Exercise objective: Print exactly, and only, the lines from the one that has "Autumn Winter Fashion" through the end of the material below, with both ends included and the pictures omitted.

Record excerpts:
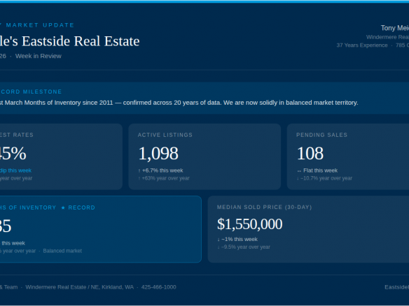 • Pending sales (agreements that have been signed but not yet closed) were up by over last year in nearly every Eastside city.
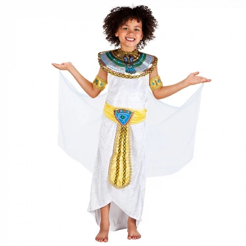 Mooie Egyptische jurk voor een kind. Het Egyptische Cleopatra kostuum bestaat uit een witte jurk, een riem, een kraag en twee armbanden.
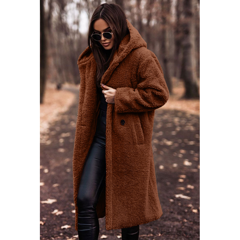 Autumn Winter Fashion Elegant Long Coat Woman Plush Warm Faux Fleece Coat Women Teddy Jacket Female Teddy Coat Outwear Ladies Reddish brown S
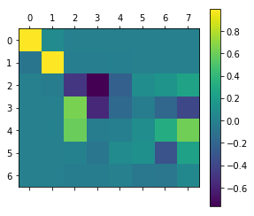 … and by the same criteria as before, we see at most 8 nonzero singular values, and probably more like 3. Now, we can compare the neighborhood-1-singular-vectors from our two SVDs. Simply computing the correlations between each pair of nonzero singular vectors from the two decompositions yields:
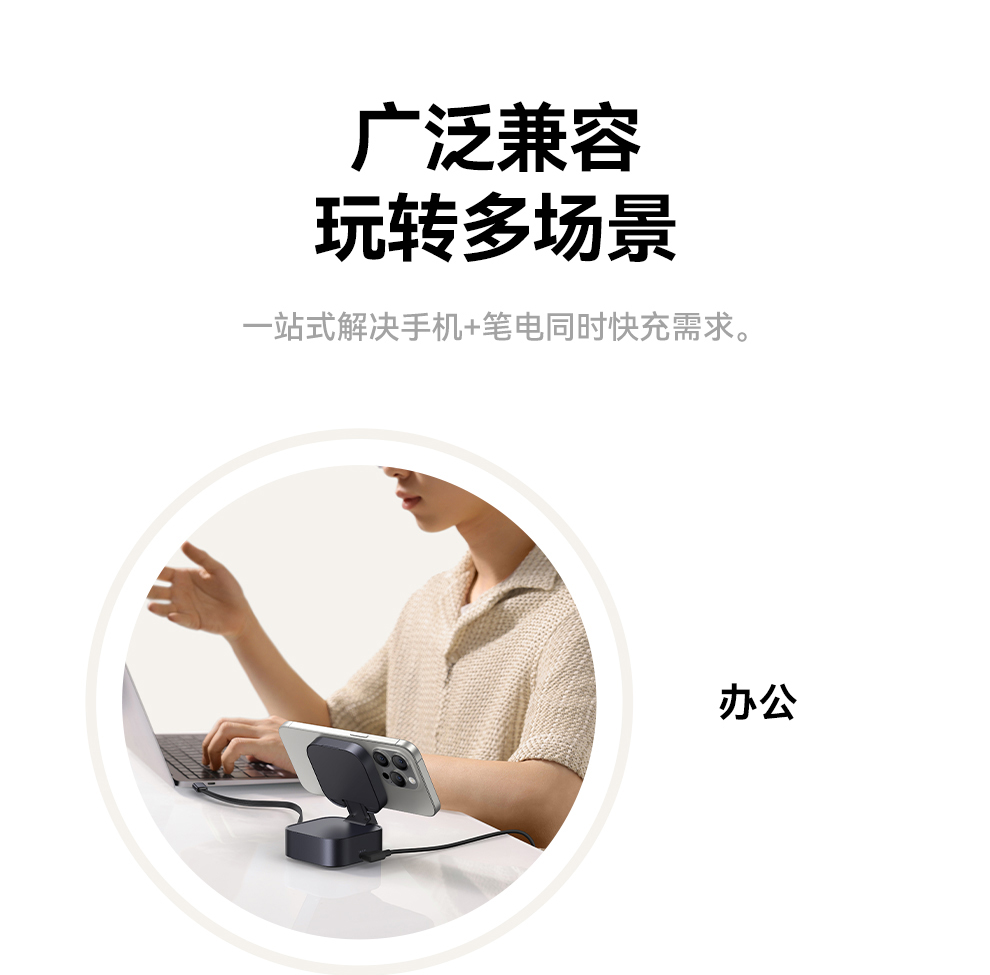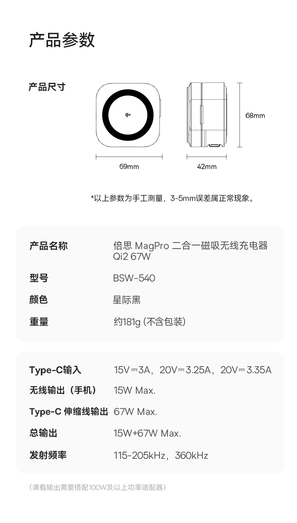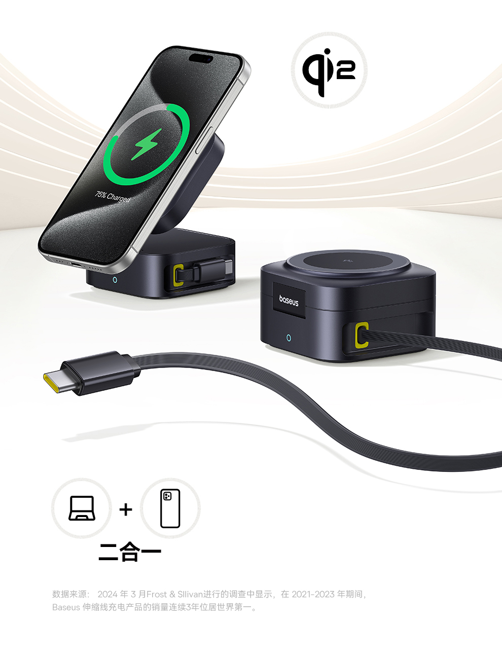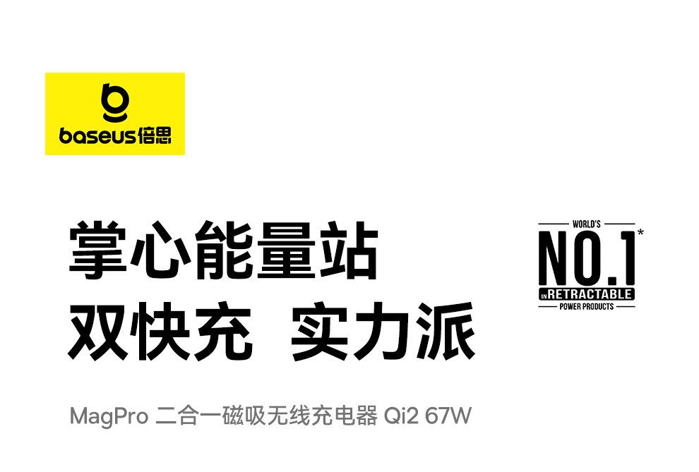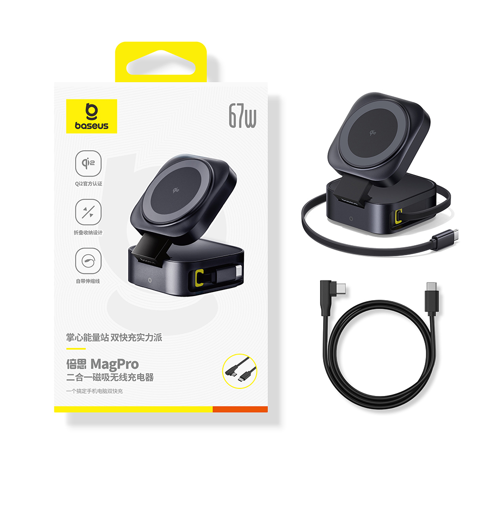 倍思 MagPro 二合一磁吸无线充电器 Qi2 67W 星际黑 (含:倍思 弯头数据线 Type-C to Type-C 100W 1m 黑色)

Task output:
 Autumn Winter Fashion Elegant Long Coat Woman Plush Warm Faux Fleece Coat Women Teddy Jacket Female Teddy Coat Outwear Ladies Reddish brown S
 … and by the same criteria as before, we see at most 8 nonzero singular values, and probably more like 3. Now, we can compare the neighborhood-1-singular-vectors from our two SVDs. Simply computing the correlations between each pair of nonzero singular vectors from the two decompositions yields:
 倍思 MagPro 二合一磁吸无线充电器 Qi2 67W 星际黑 (含:倍思 弯头数据线 Type-C to Type-C 100W 1m 黑色)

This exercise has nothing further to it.